Be careful about voltages during turn-on and turn-off. For example, this is a 7805 sitting on top of a zener, which turns it into a 7815 which can take 10 more volts at the input.

schematic

simulate this circuit – Schematic created using CircuitLab

However, if the output caps are large enough, at power-on, the input voltage will rise faster than the output voltage, and the max rating of the regulator will be exceeded. Also in case of output short circuit, the max voltage rating will be exceeded, so the regulator's internal protections no longer work.

This schematic is better:

schematic

simulate this circuit

Here a very simple BJT/Zener pre-regulator brings the voltage down.

Regulator input/output caps depend on reg's datasheet. R1 should have proper value to give Q1 enough base current (you can also use a darlington or a MOSFET).

Filtering the zener reference with a cap isn't necessary, but it'll give you a bit of extra HF PSRR. Global PSRR will be improved by 20-30dB relative to the original regulator, as Q1 will filter the input voltage.

Output impedance, noise and other characteristics like load response will be the same as your regulator.

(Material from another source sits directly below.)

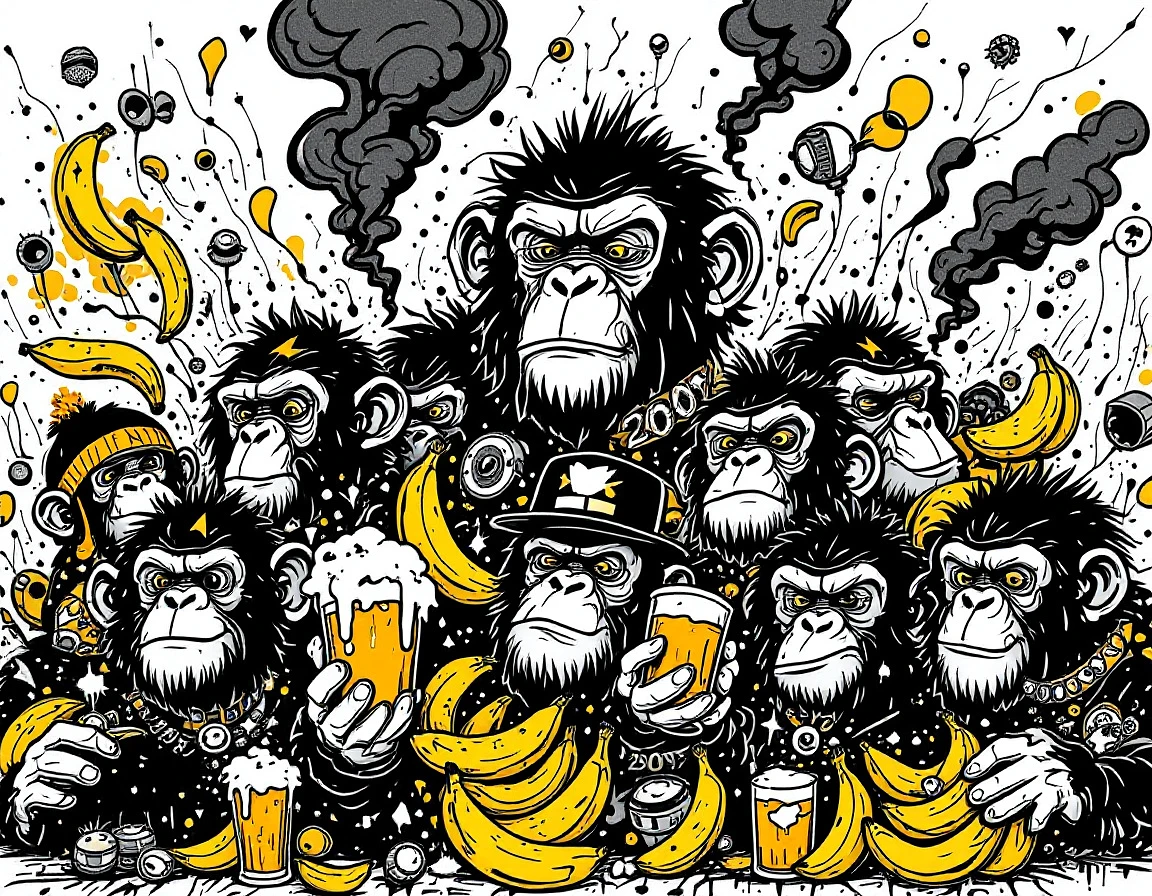 An intricate and mainly black, white, green, yellow (two contrasting, extra colors for details) , graffiti-style poster featuring various elements, such as cartoon chimp gang characters, symbols of urban culture, smoke, geometric formes, abstract lines and dynamic expressions, focusing on minimalistic chimp faces, bananas, beer, is part of the image. the word and '2007' is hidden --ar 63:128 --stylize 750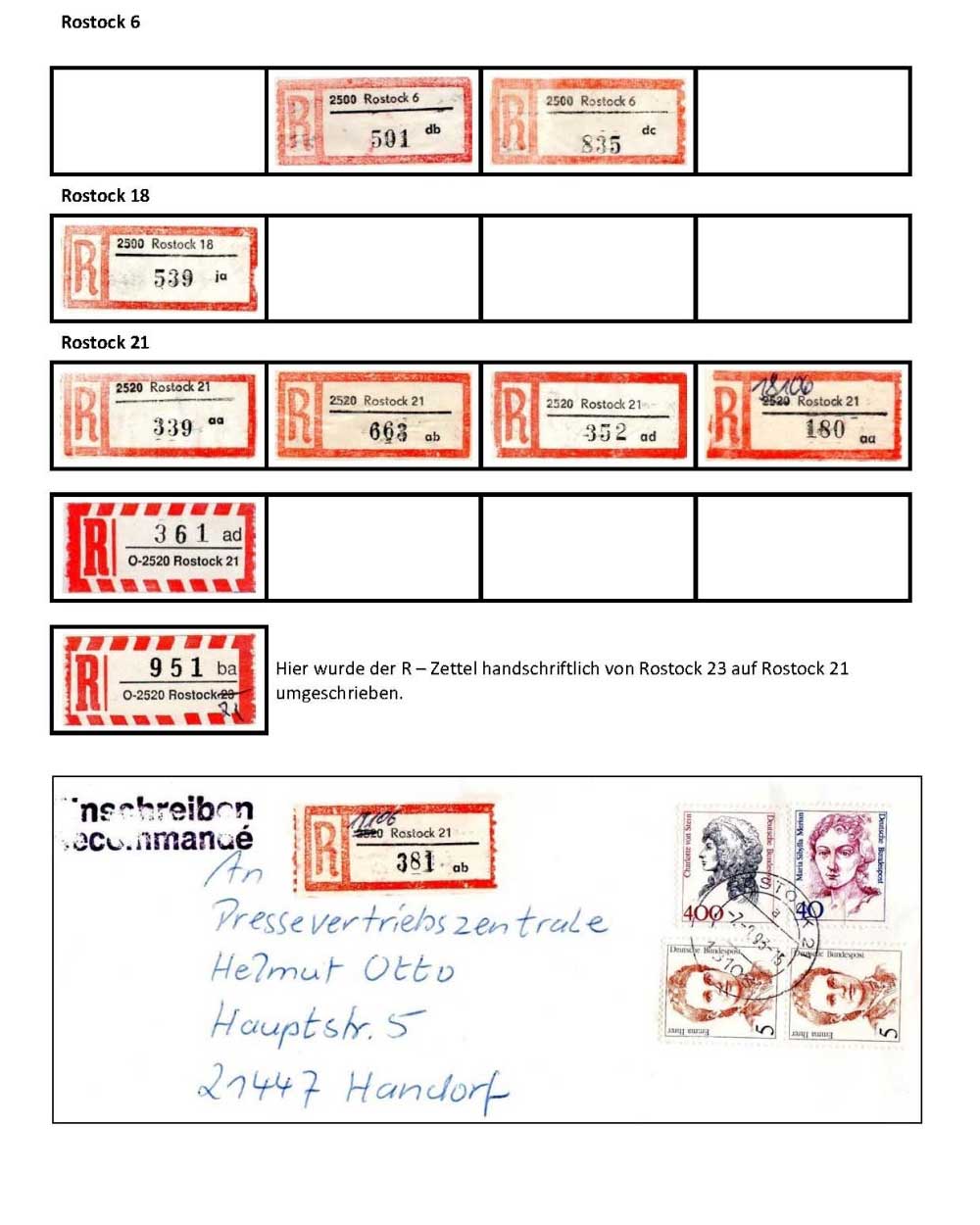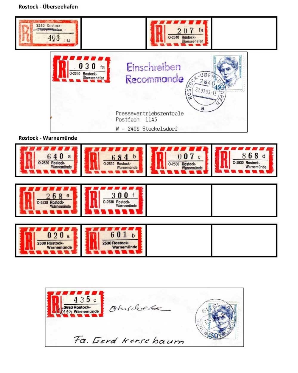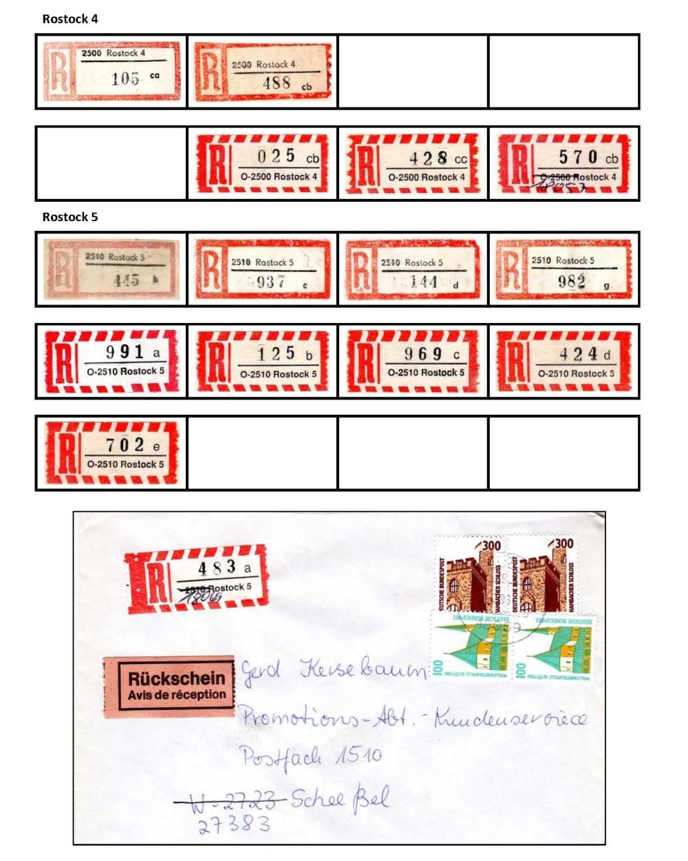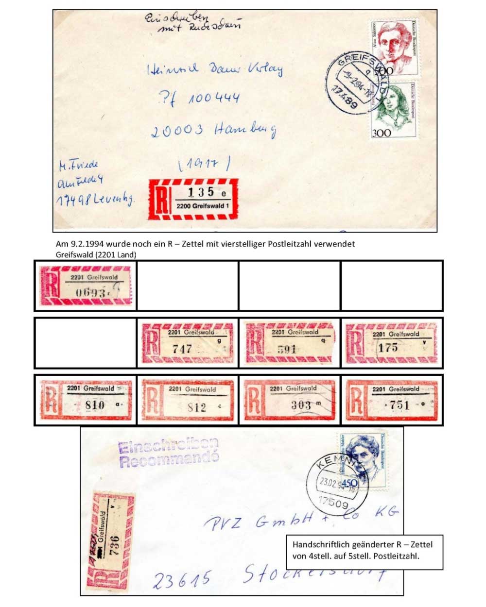 Einschreibbriefe dokumentieren den postalischen Weg zur “Deutschen Einheit”Nachdem am 9.11.1989 die Grenzübergänge der DDR zur Bundesrepublik Deutschland geöffnet wurden, eröffnete sich für die Zeitungsverlage ein großer Markt. Die ersten zwei Jahre nach dem Fall der Mauer reisten die Drücker–Kolonnen aus dem Westen in die neuen Bundesländer um ihre Zeitschriftenabos an die Bürger der ehemaligen DDR zu verkaufen. Die Menschen hatten einen großen Nachholbedarf und schlossen bereitwillig die Verträge über mehrere Zeitschriften ab. Nachdem sie Zuhause das Kleingedruckte durch gelesen hatten, begann die große Kündigungsflut. Auf diese Flut von Kündigungen war die Deutsche Post nicht eingestellt. Durch die Fehleinschätzung kam es zu einen Engpass bei den Formularen und Einschreibezetteln. Aus dieser Not befreite man sich, indem man alte R–Zettel, blanko R–Zettel und von anderen Postämtern zweckentfremdete. Dadurch kam es zu vielen Besonderheiten und Raritäten. Nachfolgend ein kleiner Überblick über die verwendeten R–Zettel im genannten Zeitraum. Diese Ausarbeitung erhebt keinen Anspruch auf Vollständigkeit. Bei den R–Zettel gibt es bestimmt noch andere Varianten die noch nicht bekannt sind. Bitte melden Sie alles!!! Ortsauflistung der einzelnen Varianten, Besonderheiten - Scan oder Kopie genügt. eMail: borchers.sauensiek@online.de Sie können jede einzelne Seite bei Bedarf durch anklicken in einem eigenen Fenster vergrößern!! |

Also this splits the dissipation in two. You should try to set the zener voltage for equal dissipation in transistor and regulator. The same amount of power dissipated in two components is easier to get rid of than in one component (you get 2x the area of silpad).

The regulator's internal protections still work and will protect Q1.

But if voltage allows, you can use a LM317HV, it's the simplest option.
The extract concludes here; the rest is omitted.